Traditional designs of internal combustion engines permit for unwanted air pollution and loss of fuel due to evaporation of the hydrocarbon (HC) containing fuel from the tank, the carburetor, and other engine components. There is existing prior art that attempts to obviate these problems. In particular, there is an evaporative fuel control system which employs a fuel vapor collection canister containing an adsorbent material, such as activated carbon, for adsorbing evaporative fuel, and a purge system for releasing the adsorbed fuel and supplying it to the engine during operation of the engine. This evaporative fuel control system also includes a leak check system which employs different leak check methods to check for leakage of the evaporative fuel (leak of vapor) to the atmosphere.
One method by which the leak check system checks for leaks is by employing a pressure reducing pump or an electric pump, a switching valve, a reference orifice, and a pressure sensor to check leakage during stop of the engine. With this method, a reference pressure is measured after the atmosphere is vacuumed through the reference orifice by the pressure reducing pump, and a pressure within the evaporative fuel control system is measured after a certain time has elapsed after the switching valve is shifted such that a fuel tank is vacuumed or is subject to an internal negative pressure. By comparing between this measured pressure and the reference pressure, it is determined whether there is leakage larger than the reference orifice.
In one of the conventional leak check systems of the evaporative fuel control system, a pressure condition of the evaporative fuel is detected after the engine is stopped and a leak check condition is satisfied to process for initialization. In order to avoid false results, the leak check is prevented if the pressure of the evaporative fuel is more than or equal to a predetermined value. After the evaporative pressure is below the predetermined value, the leak check is carried out. Also, there are some leak check systems that avoid false check results due to an opened fuel cap during refueling. In these systems, a leak is examined with negative pressure in the evaporative fuel control system.
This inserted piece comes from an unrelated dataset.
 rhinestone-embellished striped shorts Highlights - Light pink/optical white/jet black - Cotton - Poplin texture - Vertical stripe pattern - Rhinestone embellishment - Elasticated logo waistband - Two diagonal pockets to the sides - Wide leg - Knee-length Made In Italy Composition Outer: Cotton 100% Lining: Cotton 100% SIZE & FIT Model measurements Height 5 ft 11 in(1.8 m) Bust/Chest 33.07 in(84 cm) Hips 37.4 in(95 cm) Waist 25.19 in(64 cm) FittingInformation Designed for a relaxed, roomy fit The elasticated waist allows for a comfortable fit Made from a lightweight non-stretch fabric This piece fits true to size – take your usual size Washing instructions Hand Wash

The leak check is prevented if the pressure in the fuel tank is above a predetermined value when the vehicle is stopped. Further, there are some leak check systems that try to avoid a false check result due to an opened fuel cap during refueling by comparing a remaining amount of fuel at start of the engine with a remaining amount of fuel at last engine stop to determine whether the fuel cap is opened while the engine is stopped. If the fuel cap is opened when the engine is stopped while refueling, the leak check result is canceled to avoid a false check result due to the opened fuel cap. See JP Laid-Open No. H11-336620, JP Laid-Open No. 2002-256988, JP Laid-Open No. 2003-120437.
The check method of the conventional evaporative fuel control system is more precise than the prior method, since leakage is tested during stop of the engine during which the evaporative fuel is stable. However, in conditions where significant vaporized gas is generated due to refueling, the precision of the detection can be detrimentally affected, which leads to mistaking a no leakage condition for leakage.
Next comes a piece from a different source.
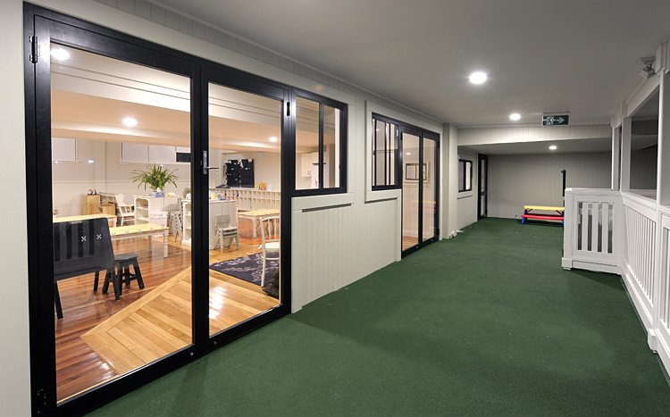 The verandas form both covered access ways to the main outdoor play space, and part of the requirement for undercover play space. The main play space has a new shade structure, as required by government regulation. The whole building has been repainted in off white to lighten the building, and the veranda and undercover spaces.

On this account, JP Laid-Open No. 2003-120437 discloses a suggestion to cancel the leak check if the leak check is performed during stop of the engine and then if the refueling is detected at start of the engine.
However, without a sufficient purge of the evaporative fuel generated by the refueling after start of the engine, application of the leak check may be wrongly determined when the leak is tested again during a subsequent engine stop.